INTRODUCTION: WIND IS AIR IN MOTION
The air we breathe and the air that surrounds us is made up of atoms, which also form the building blocks of our physical world.
The wind touches every continent on the planet.
A complex vocabulary exists in many languages, describing the wind and its effects. The words for wind carry meanings related to both human existence and philosophy. “Kona,” for example, is the name for a stormy, rain-bearing wind from the southwest in Hawaii. Kona is a Polynesian word meaning “leeward.” In Hebrew, the word for wind, or "ruach" (roo-ahck), means both breath and spirit. And in fact, wind is breath. We create a tiny gust of wind every time we inhale and exhale. We could even say that the wind blowing around the world is the planet’s way of breathing.
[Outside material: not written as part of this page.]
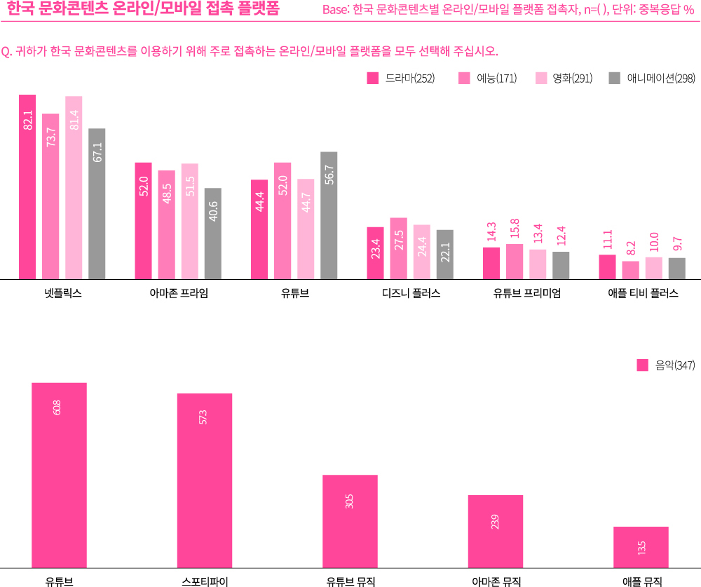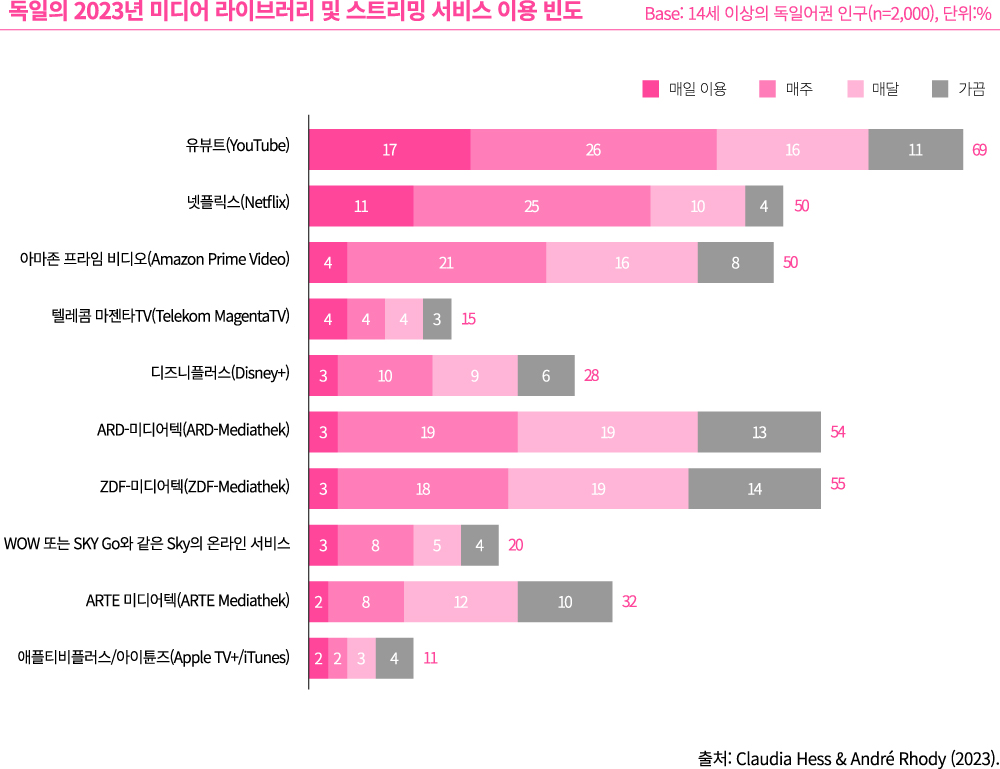 이는 독일인들의 미디어 사용 행태와 연결되는 것으로 한류 콘텐츠만의 특이성은 아니다. 독일 ARD/ZDF 온라인연구(Claudia Hess & André Rhody, 2023)에 따르면, 14세 이상 독일어 이용자의 69%가 유튜브를 사용하고 있으며, 넷플릭스와 아마존 프라임을 사용하는 이들도 응답자의 50%에 이른다. 그 외에는 독일 공영방송의 미디어 스트리밍 서비스인 ZDF, ARD, ARTE 미디어텍 등을 자주 사용한다. 글로벌 플랫폼 중심으로 한국 콘텐츠가 서비스되고 있으며, 독일 플랫폼에서는 상대적으로 한국 콘텐츠를 접하기 어렵다는 것을 알 수 있다. 독일의 공영방송 스트리밍 서비스의 경우 기존의 한류 팬을 넘어서 새로운 시청자를 확보할 수 있는 플랫폼으로 한독 공동 영화나 다큐멘터리 제작 등을 통해 노출을 확장하는 전략이 필요하다.

The wind’s behavior changes every hour of every day because of temperature
variations, the earth’s rotation, the landscape and the seasons. In order to
understand how wind is captured to make electricity, it helps to know about what makes the wind work.
Wind is actually a form of solar energy. As our planet
rotates around the sun, the sun’s energy heats great amounts of air, and then the absence of the sun’s
energy in other places cools other masses of air. Temperature dictates in large
part the wind’s movement. Hot air rises. Think, for instance, of a hot air
balloon. Balloonists use special heaters to fill the balloon with hot air,
causing the balloon to rise, carrying the basket and its passengers with it. The
same thing happens when the sun heats the air. Sometimes the difference in air
temperature is even visible. Swirling waves of air can move around on the
exterior of a car on a hot day, for example. These effects are actually created when small areas of hot air
rise through colder air. Different temperatures move the air around and can even
change how thick it is.
Temperature differences in the
air produce air circulation. Air can circulate in a small place, like on the top
of a car, or in a large space, like the entire planet. Hot air is lighter and
rises into the sky. When it reaches an altitude of about six miles, it spreads
to the north and south. As the air cools, it sinks down again. This constant
motion forms huge movements of air in large circular patterns all over the
earth’s surface. We experience that moving air as wind.
Some places on
the planet’s surface are windier than others. If you’ve ever walked in a city on
a windy day, you might have noticed how the walls of the buildings allow the
wind to blow as if it were going through a tunnel, speeding up the movement of
the air into quick gusts. That’s because in those alleyways formed by the
streets, sidewalks and walls, there isn’t anything to slow the wind down or
stop it. Similar effects are found where the wind can blow across large bodies
of water unhindered, or over very flat landscapes.
On the other hand,
obstacles can affect the wind’s direction and force. Mountains, buildings and
trees, for example, can be large enough to redirect the wind and change the
potential amount of energy we collect from the wind using windmills. Some
obstacles affect the wind more than others. For example, when trees are covered
in leaves, less space is available for the wind to flow through the branches.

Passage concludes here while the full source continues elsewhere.